New open-access chapter tackles how public health decisions work with incomplete cause-and-effect knowledge

MISRYOUM newsroom reported that a new open-access chapter is now available from the 2024 Routledge Handbook of Causality and Causal Methods, edited by Federica Russo and Phyllis Illari.
The chapter, titled ‘When Decisions Must Be Based on Partial Causal Knowledge,’ is authored by Fredrik Andersen, Rani Lill Anjum and Elena Rocca. It’s framed around a situation public health teams face all the time, even if people don’t always say it out loud: sometimes you have to decide before you can fully prove the cause-and-effect story.
The authors start with a straightforward problem. Public health decisions are needed even if the available knowledge about causes and effects is sometimes incomplete. Then they lay out four scenarios for what “incomplete” can mean in practice. First, the evidential gap might be small—there’s a reasonable amount of causal evidence pointing toward the same causal conclusion.
Second, the chapter considers cases where only limited, isolated causal evidence is available for public scrutiny, and yet decisions might still be necessary despite a big evidential gap. Third, causal knowledge may be incomplete because, within a large body of evidence, different types of evidence point to diverging causal conclusions. And fourth—especially relevant during outbreaks—health emergencies can create incompleteness when producing the necessary evidence through established standards and procedures simply isn’t possible.
For each scenario, Misryoum editorial team stated, the discussion moves beyond evidence alone. The chapter looks at how empirical evidence interacts with philosophical “basic implicit assumptions in science” about causality—what it calls philosophical bias—and, on top of that, ethical considerations. The idea isn’t that ethics and philosophy are an afterthought. Instead, they sit alongside data, influencing how people interpret what the evidence can (and cannot) justify.
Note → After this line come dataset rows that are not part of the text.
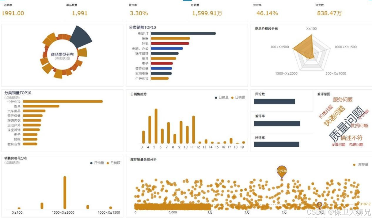 - 商品销量与库存周转率:分析哪些商品卖得好,哪些滞销,及时调整营销策略和库存。
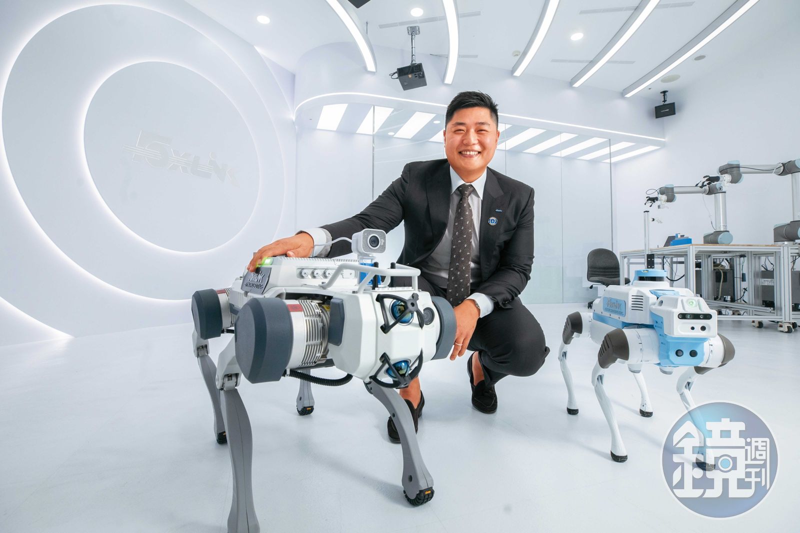 在「 我們這棟大樓裡,已經有好幾隻四足機器人在輪班巡邏。只要出現沒被登錄的人臉,沒關的門窗,或異常的煙霧或氣體,甚至火光,它就會馬上通報。還會用藍牙傳輸訊號,讓電梯開門,到各層樓去巡邏。」身高190公分,梳著俐落西裝頭,穿著合身西裝,看來不滿40歲的年輕主管,站在正崴集團土城總部一樓機器人實驗室的大螢幕前,指著一隻德國狼犬大小、正在辦公室內巡邏的機器狗,口沫橫飛地向本刊說明。
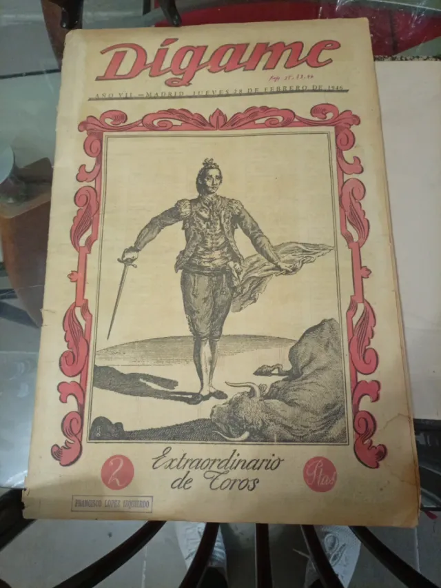 Detalles del productoNúmero especial de la revista Dígame dedicado a los toros, publicado en Madrid en 1946.
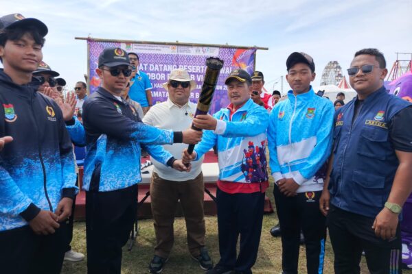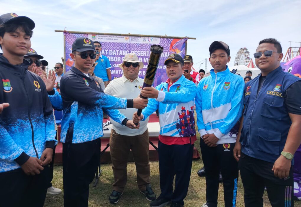 Camat Mekar Baru Resmi Terima Estafet Kirab Obor PORKAB VI Kabupaten Tangerang 2025
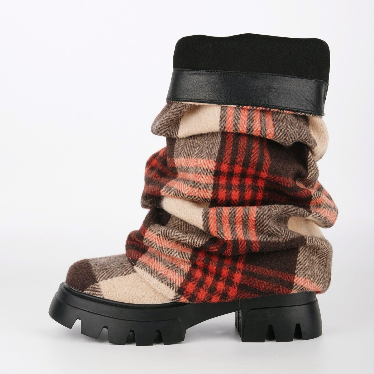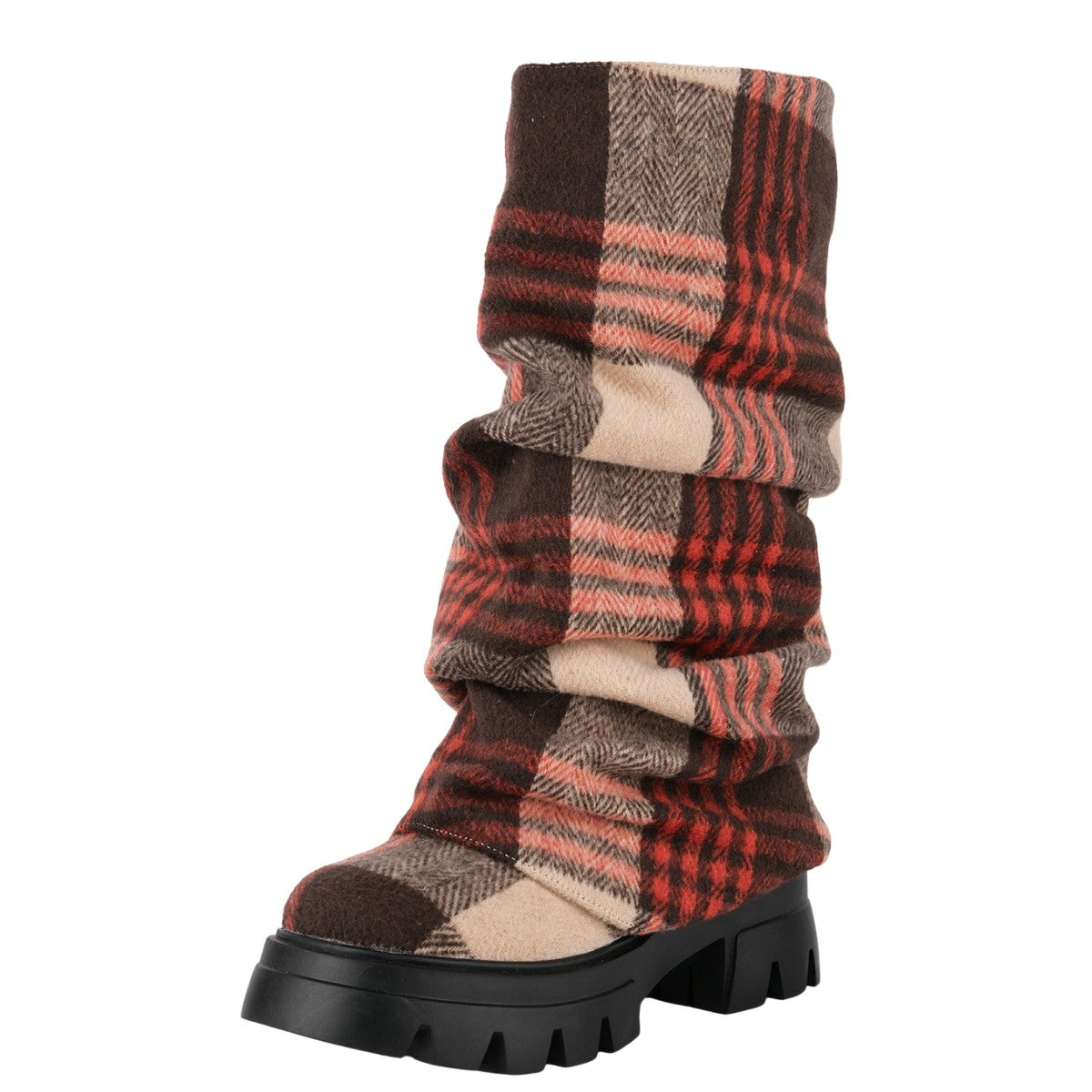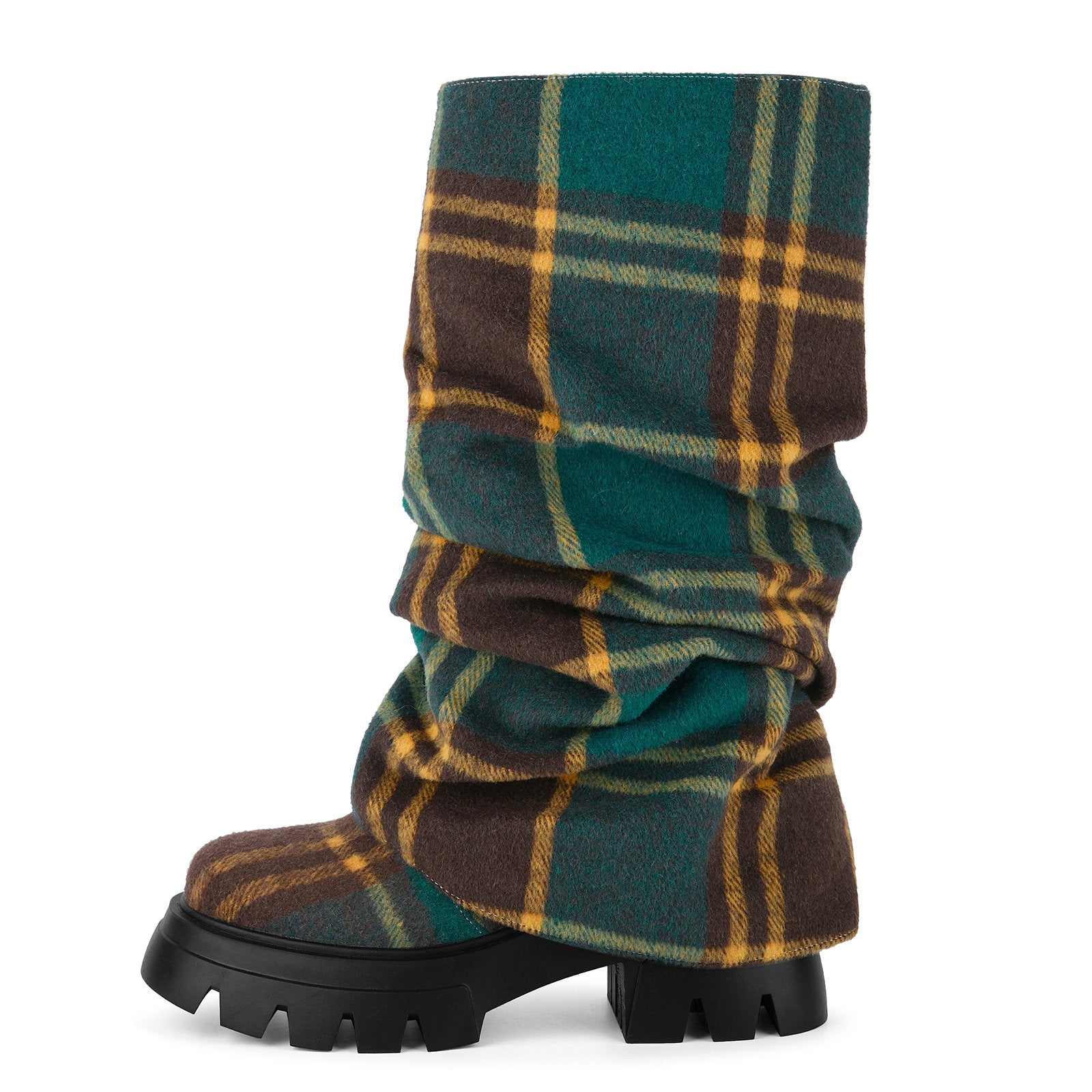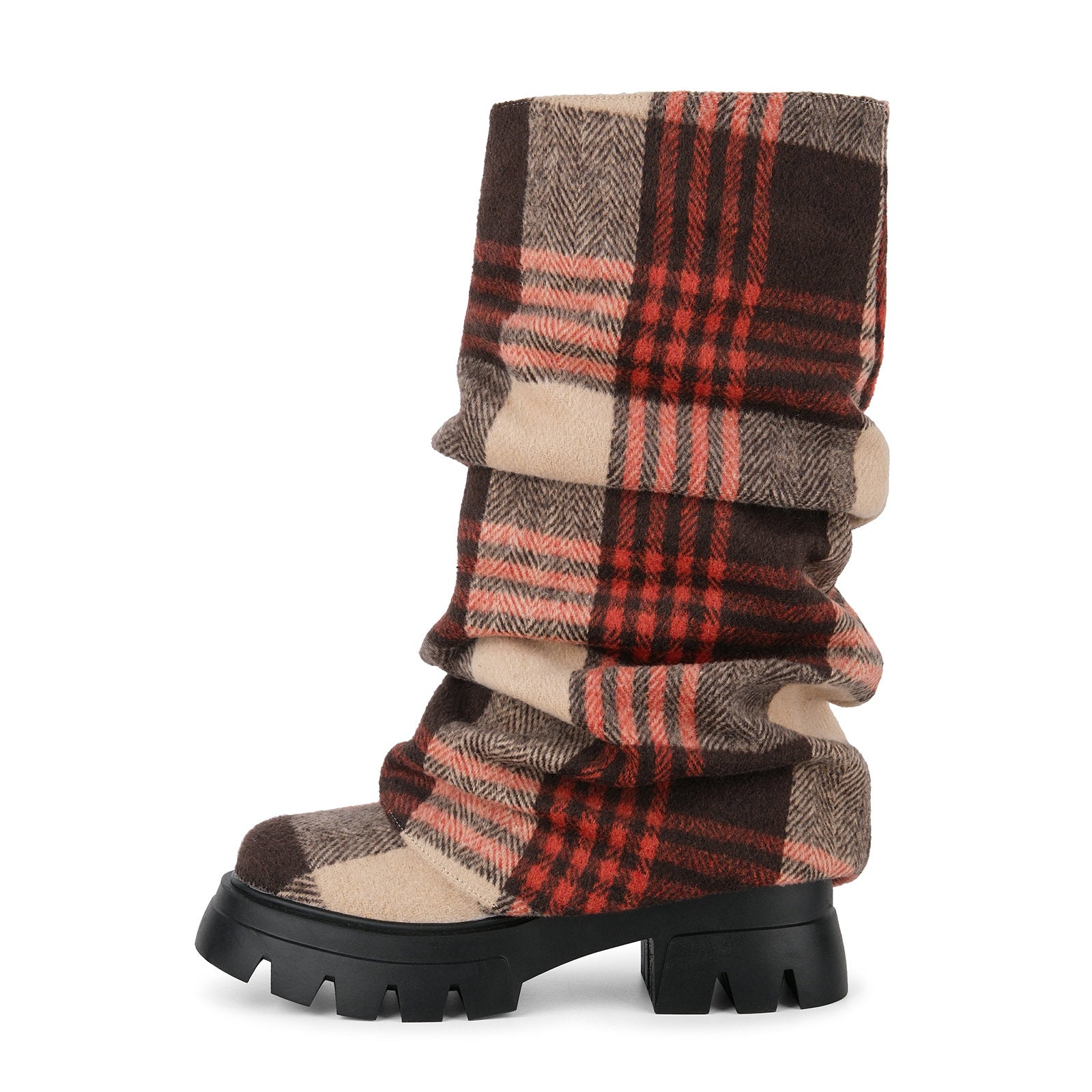 Plaid Pleated Fold Over Mid-Calf Boots

There’s a notable emphasis in the last two scenarios. According to Misryoum analysis, when information is fragmented or when evidence can’t be produced quickly enough using normal procedures, identifying and discussing those underlying biases and ethical commitments becomes especially important. The chapter argues that this isn’t just academic hair-splitting; it affects how quickly decisions are made and how confident—maybe even how careful—officials can afford to be.
The chapter ends with a more forward-looking recommendation: cultivating conceptual diversity about causality among scientists and decision makers. Misryoum newsroom reported this is presented as a way to build resilience for health emergencies—essentially, preparing decision systems to handle uncertainty without collapsing into one narrow way of interpreting causation. And you can almost feel the real-world stakes here: in the kind of moment where a lab report is still pending and someone has to decide what to tell the public. It’s not always neat, not always complete. But it can still be thoughtful, if the assumptions and ethics are made visible—maybe even discussed out loud, before the pressure hits.